This is the first time I have come to a site like this, but I need advice. And the internet is the best place for that, right?
I have been dating the same guy for around 4 yrs now. We've had our up and our downs, but we have managed to work through them all successfully (for the most part).
I'm new to this. Even though I've worn diapers for around 3 yrs now, everything is still new to me. I never really delved into it like he did. Even though I love it when he wears diapers, messes in them, etc. I even love it when he puts them on me, and I use them, or am forced to use them.
But I've come to the point where I don't think what I am doing is enough for him. Though I've tried talking to him about what he wants and needs, and what I want and need...it never really goes anywhere. He changes the subject or ignores it completely.
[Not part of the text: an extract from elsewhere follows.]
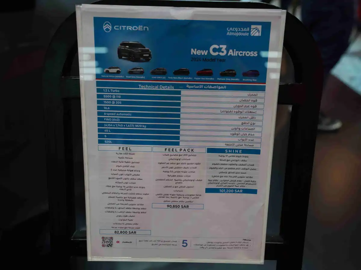 تم الكشف عن CITROËN C3 Aircross 2025 في معرض جدة الدولي للسيارات 2024، حيث جذبت الأنظار بتفاصيلها الخارجية والداخلية الجذابة.

He watches porn constantly with diapered girls. Its not the porn that bothers me. Its the fact that we rarely have sex anymore, and the amount of porn he watches has gone up significantly.
I'm not sure if I am just being insecure or not, but it bothers me. More than it should because of the lack of intimacy in our relationship. I've told him, repeatedly, that I don't care how weird he thinks something is, I am willing to do it at least once to see if I like it. That's how it was with diapers in the beginning, and now I love them. I'm not afraid to try new things.
He just seems so closed off to me about this fetish that we have both have. I'm confused and honestly lonely, because I feel most of the things out there are also for men and not for women. So I don't know what to do. I don't know how to handle this anymore.